İnsanlar kolay kolay delirmez. Ölümü öyle her insan hayal etmez. Bazıları anlamsız bir hayat için savaşır. Bazıları ise o hayattan kurtulur. Ya da öyle şanslılar vardır ki bulunduğu bu hayatı sever. Maalesef ki ben o şanslılardan değildim. Kimdim peki? Tüm hayatımı yeniden düzenleyen, kendime sahte bir soyisim koyup asıl olduğum hayattan kaçan birisiydim ben. Asıl hayatım, yani çocukluğum ise peşimi bırakmıyordu. Psikolojik destek almıştım. Sonucu ise daha beterdi. Çocukluğumun geri gelmesi için dua eder olmuştum. Çünkü o gidince Yiğit gelmişti. Kendi öldürdüğüm, herşeyim olan o bana bağırınca olmuyordu. Kendimi direk ölüme atıyordum. Bağırmıştı bir keresinde.

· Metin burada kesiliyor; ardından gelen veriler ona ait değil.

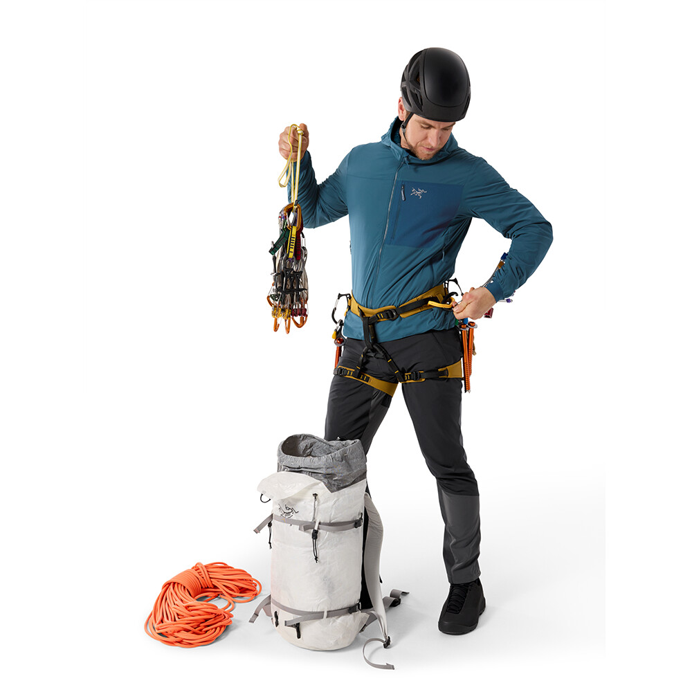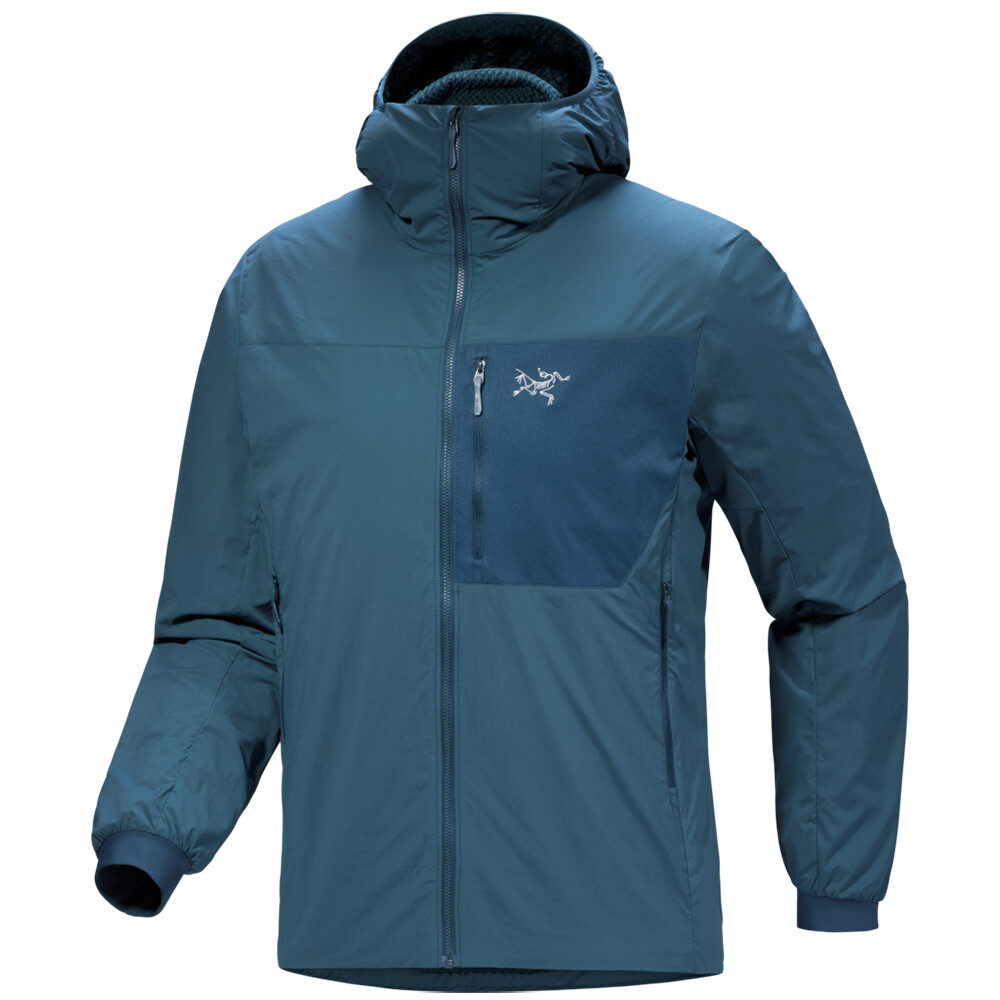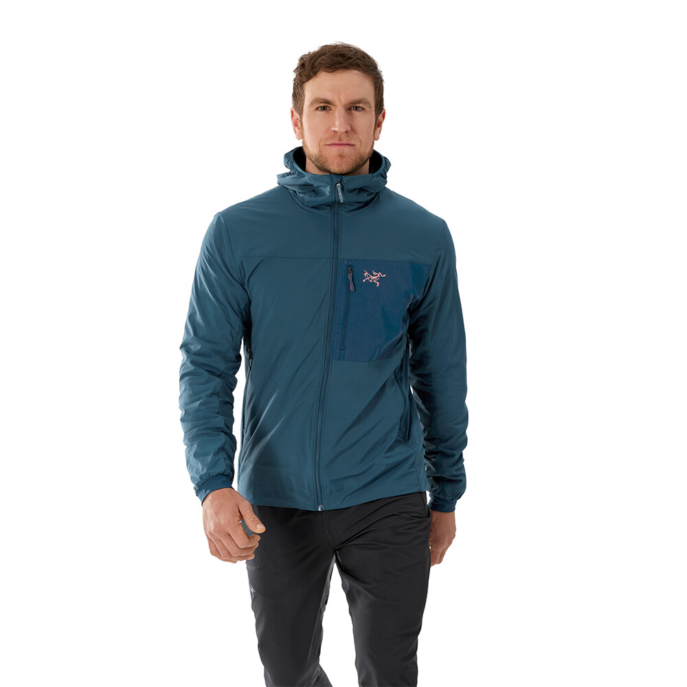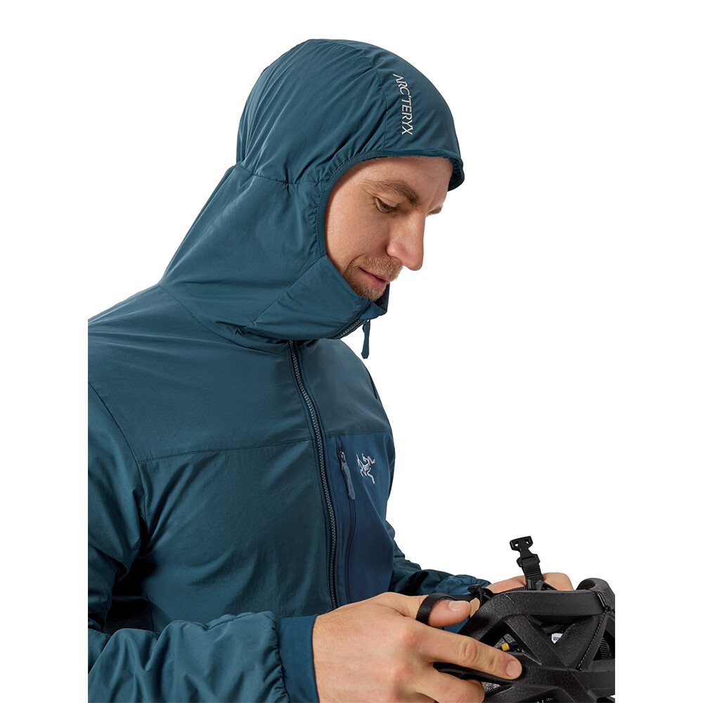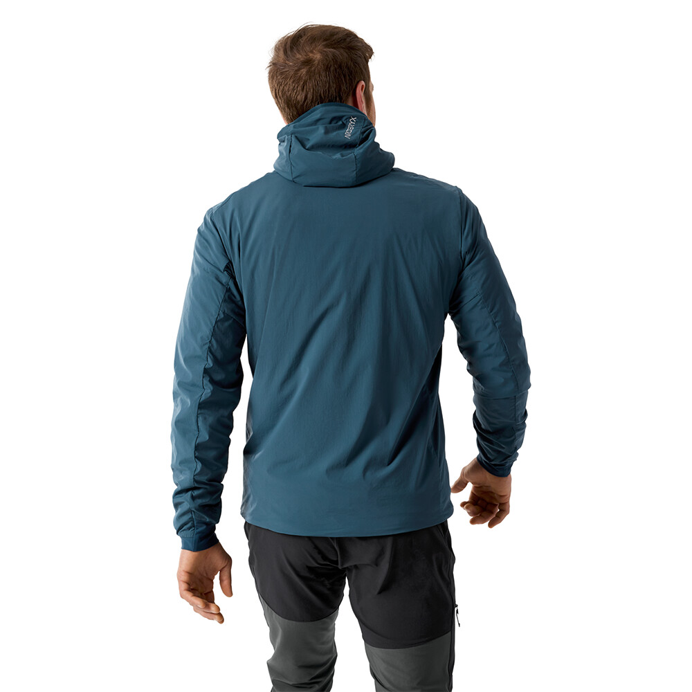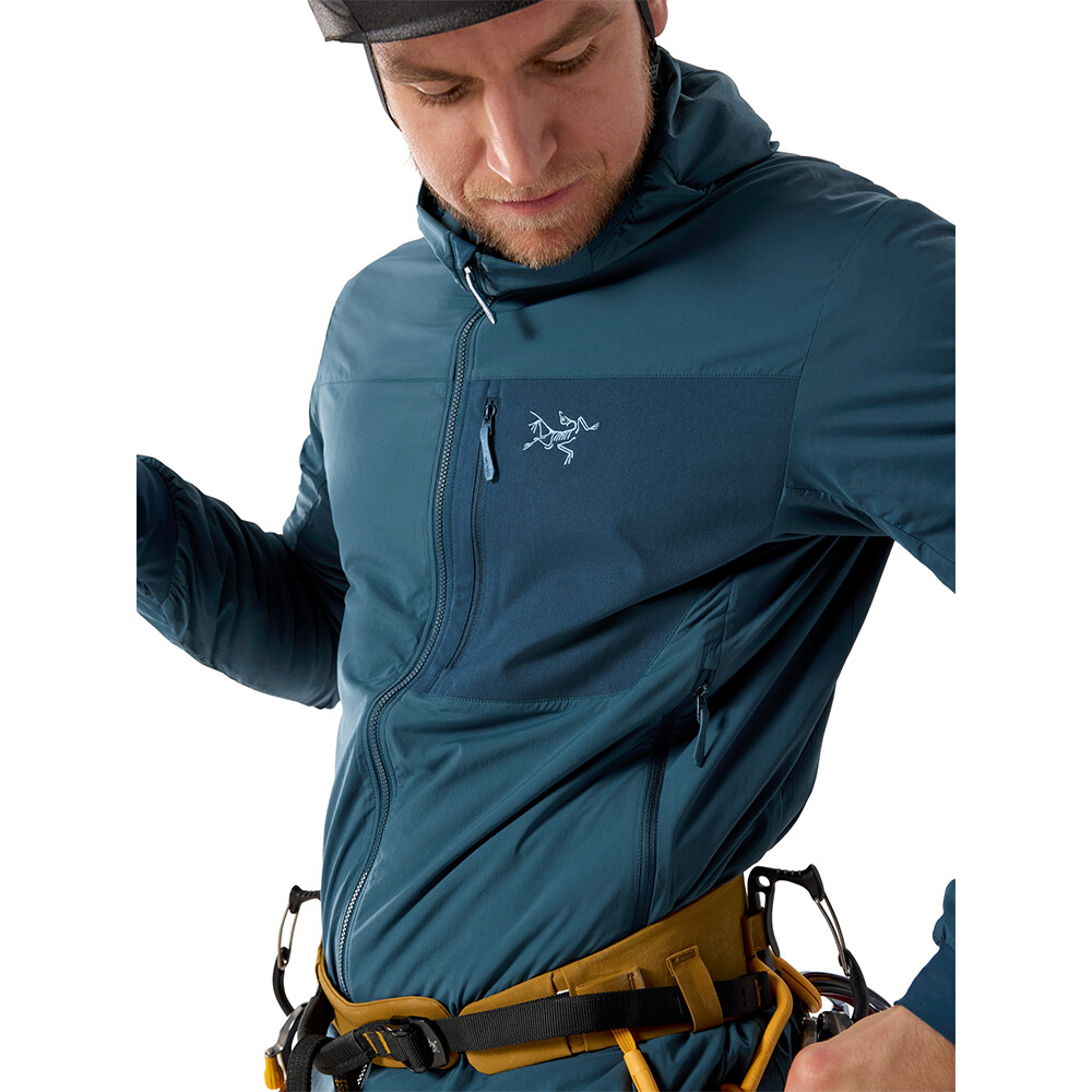 Veste isolée avec capuche pour homme d'Arc'teryx. Le rembourrage synthétique chaud est complété par un matériau polaire extensible sur les côtés pour favoriser une meilleure respirabilité.

"Hiç mi sevmedin de beni öldürdün?"

Çok yakmıştı o cümle canımı. Bu yüzden aslında çocukluğumdan şikayetçi değildim. O güçlü olan tarafımdı. Beni öldürmek istese bile evet. O güçlü taraftı. Sadece anlamsız bir hayat için savaşmak istemiyor, kardeşinin yanına gitmek istiyordu. Bunu ise intikamını almış bir şeklide yapmak istiyordu. Ayrıca beni koruduğunu da bilirdim. Bir dönem çok kötü bir haldeydim. O zamanlar neredeyse her gün yanımdaydı. Yine o gün ise bir gurup tarafından öldürülecektim. Çocukluğuma göre ise beni yalnızca kendisi öldürebilirdi. Beni ordan çıkaran o olmuştu. Bazen bedenime hükmeden oydu. Delirdiğimi biliyordum. Ama dediğim gibi şikayetçi değildim. Beni öldüren o olsun istiyordum ki, Yiğit beni bir ihtimal olsa da affetsin. Kendim ise yaşamak istiyordum. Bir umudum vardı. Belki yine yaşam sevincini bulmak. Sırf o ihtimal için her gece başımı yastığa koyduğumda derdim ki, belki yarın güzel bir şey olacak. Olmazdı ama. Bugün de olduğu gibi.

...

Bir tık sesi geldi elimde ki silahtan. Çocukluğum küfrederken herkes derin bir nefes verdi. Ben ise durmadım. Elim direk şarjörü buldu. Mermi olmayan silah bir halta yaramaycaktı. İçinde illaki olmalıydı.

"Eren ilki seni korkutmaktı ama ikincisinde kesinlikle mermi var!"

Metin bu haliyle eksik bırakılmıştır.